Data listing:

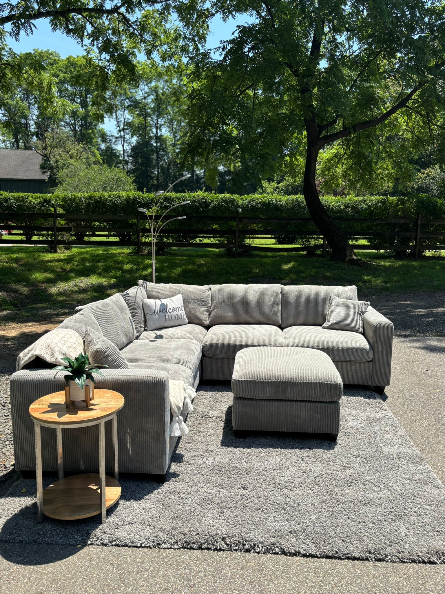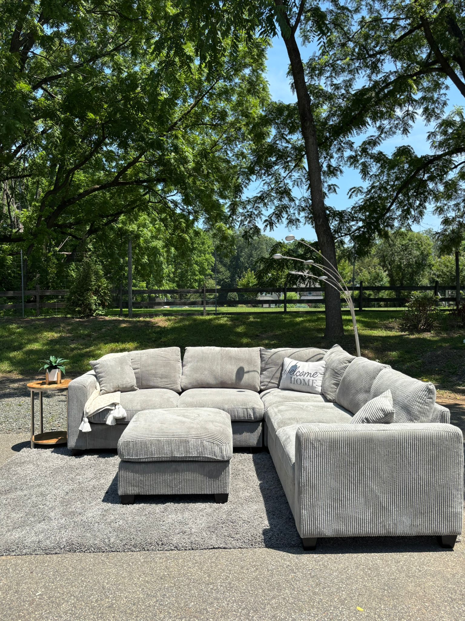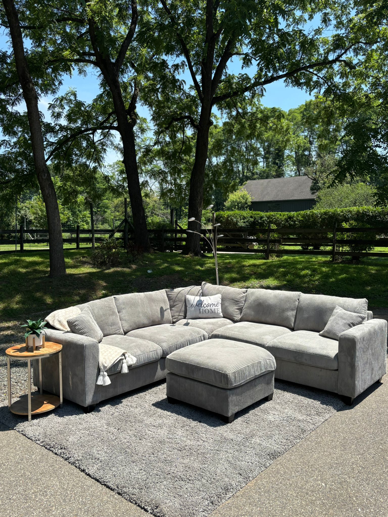 This BRAND NEW Harlow sectional is the definition of lounge luxury. Built with plush corduroy-style fabric, deep seats, and a matching oversized ottoman, it’s perfect for Netflix binges, game nights, or falling asleep mid-text.
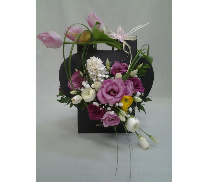 Кутия с цветя и празнични балони.
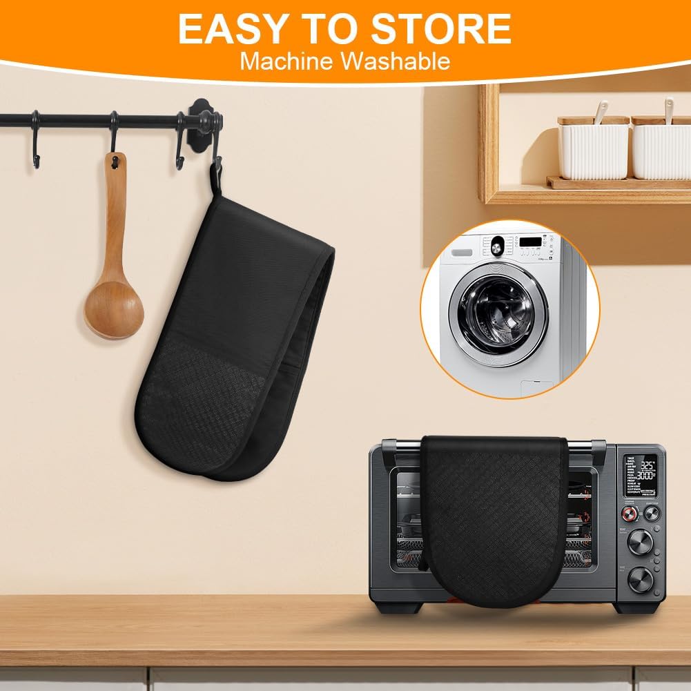 - 😄【UNIQUE DESIGN】Baking Mitts feature a modern dual glove integrated design with a wide joint to prevent body contact with heat sources and prevent gloves from being lost. The kitchen black cotton oven mitts are equipped with ropes, which can be easily put away and hung on the hanging rings when not in use, saving space and making the kitchen look cleaner
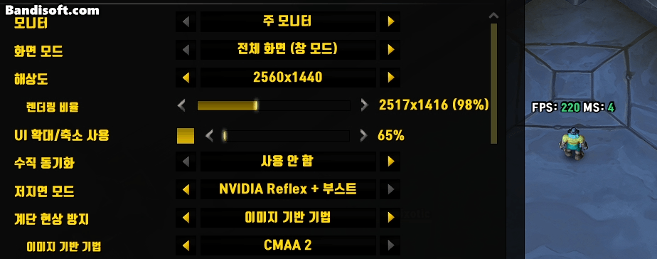 인게임에서 렌더링 비율은 2%씩 조절 가능하다
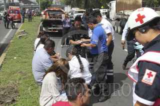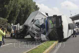 TLALNEPANTLA, ESTADO DE MÉXICO, 27JUNIO2016.- Diez personas resultaron lesionadas al registrarse un choque múltiple provocado por un trailer que circulaba sobre el Periférico Norte con dirección a la Ciudad de México, a la altura de Valle Dorado, un hombre termino prensado dentro de una camioneta, varios pasajeros que viajaban en un camión del transporte público fueron atendidos. FOTO: DIEGO REYES /CUARTOSCURO.COM
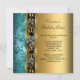 Birthday Party Damask Teal Blue Gold 2 Invitation
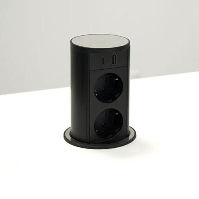 Steckdosenelement. Versenkbar. Mit 2 Steckdosen und USB A/C Charger für Hängeschränke oder Arbeitsplatten.
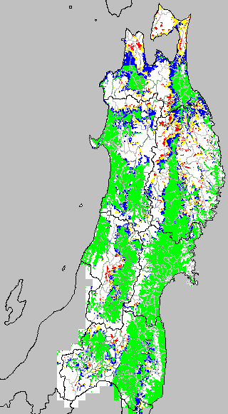 安全作期の策定にある気温指標のうち、稚苗移植の安全早限日の気温指標12.0℃を用いて表示しています。12.0℃以下については1℃刻みで表示し、可能域がどのように推移するかをみるものです。

Your task: Repeat the listing above exactly from its first line to the line containing "인게임에서 렌더링 비율은 2%씩 조절 가능하다", both included, and omit the pictures.

Answer box:
 This BRAND NEW Harlow sectional is the definition of lounge luxury. Built with plush corduroy-style fabric, deep seats, and a matching oversized ottoman, it’s perfect for Netflix binges, game nights, or falling asleep mid-text.
 Кутия с цветя и празнични балони.
 - 😄【UNIQUE DESIGN】Baking Mitts feature a modern dual glove integrated design with a wide joint to prevent body contact with heat sources and prevent gloves from being lost. The kitchen black cotton oven mitts are equipped with ropes, which can be easily put away and hung on the hanging rings when not in use, saving space and making the kitchen look cleaner
 인게임에서 렌더링 비율은 2%씩 조절 가능하다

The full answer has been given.